Originally Posted by PJMillar:
“Really really good post. I was watching one of the early re-runs of Who Wants to be a Millionaire? on Challenge, and I couldn't quite put my feelings into words. But you just have.
I mean, if ITV wanted, they could give it another kick-start by giving it a week of 9pm slots, perhaps in the Winter, to really give it an audience back. Sod the ridiculous revamp. The show was brilliant as it was, and it was the endless Christmas/celebrity charity specials that killed it.

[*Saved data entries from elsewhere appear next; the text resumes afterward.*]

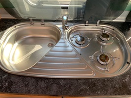 Velké rozkládací sezení ve tvaru U, velká francouzská postel, kuchyň, WC se sprchou a sprchovou vaničkou, umyvadlo zvlášť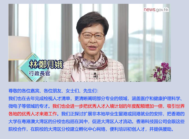 在第20屆中國國際人才交流大會(huì)上,前行政長官林鄭月娥表示,本屆政府銳意配合國家十四五規(guī)劃,把香港建設(shè)成為國際創(chuàng)新科技中心。在吸引人才上,優(yōu)秀人才入境計(jì)劃年度配額將倍增,當(dāng)局并正探討擴(kuò)展非本地畢業(yè)生留港或回港就業(yè)的安排。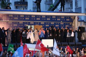 14 Mayıs seçimleri öncesi AK Parti Mersin İl Başkanlığınca Millet Bahçesi yanındaki alanda düzenlenen mitinge katılan Cumhurbaşkanı Erdoğan, eşi Emine Erdoğan ile birlikte kalabalığı selamladı. Miting alanında seslendirilen Cengiz Kurtoğlu'nun 'Duyanlara duymayanlara' şarkısına eşlik eden Cumhurbaşkanı Erdoğan, "14 Mayıs'ta inşallah bu sevdamızı tavan yaptıracağız" ifadelerini kullanarak, meydanda toplanan kalabalığa, "Hazır mıyız buna? 14 Mayıs'ta sandıkları patlatıyor muyuz?" diye sordu.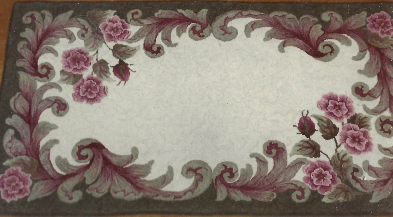 This beautiful floral pattern is called Sheer Joy by Pearl McGown OSV 771 30″ x 53″.  It is a beautiful floral that embellishments are fun to add, such as Arctic Rays or Metallic Yarn for a 3D effect.  Try our dip spots hand dyed wool for shading effects.  We have a large variety of hand dyed wools for your rug such as Raspberry Burst, Jacob’s Wine, Imari Jade and more!  Mix Textured wool with Dyed wool for a complete look.  Please click the link to view all our in-stock textures.  https://dev.wcushing.com/product-category/textured-wool/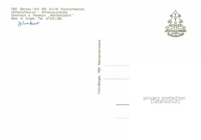 72899529 Bernau Schwarzwald Gasthaus Pension Reinhardshof Winterlandschaft Schwarzwald postalisch nicht gelaufen Erhaltung siehe scans [FriedD77] KatCode: 11110008337013
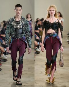 لكن خلف هذا البريق، كانت هناك حكاية عن التمزق والتجميع: بعض القطع بدت كأنها مفككة ثم أعيد تركيبها، وكأن المصمم يقول إن الجمال لا يأتي من الكمال، بل من الحركة، من التغيير، من إعادة تشكيل الذات.

Similarly, it's just a shame that there's hardly a successful gameshow where ordinary people are the focus. Mr & Mrs and Family Fortunes, once shows that epitomised the fortunes of the ordinary (often working class) person, now they're glossy and feed celebrity egos.”
Would love to see Family Fortunes return to using regular folk - and surely in these credit crunch times it'll be cheaper for the TV companies than booking a so called celeb.
Another example is Alan Carr's Celebrity Ding Dong. The first series was quite interesting having celebrities with civilians and provided loads of comedy material, mainly at the expense of the civilians - but then for the second they ditched the civilians and it just became another celebrity panel show.
Also Total Wipeout. Putting how the BBC have ****ed up a great format to one side, the shows strength is all about the general public having their one shot on the course. So what do the BBC do - announce two new series, with 4 celebrity specials over the next year.
And considering the show needs 20 contestants a week, that's 80 celebs required to fly to Argentina and compete - an experience I'm sure 80 licence fee payers would appreciate much more. (Hopefully though they've struggled to sign up the celebs so it'll be just the one Celebrity "special".)
I think a reason Christmas TV is so bad now is because the celebrity "special" is no longer special. Even as little as 10 years ago Christmas was really the only time you saw celebs on such shows - now it's every bloody week.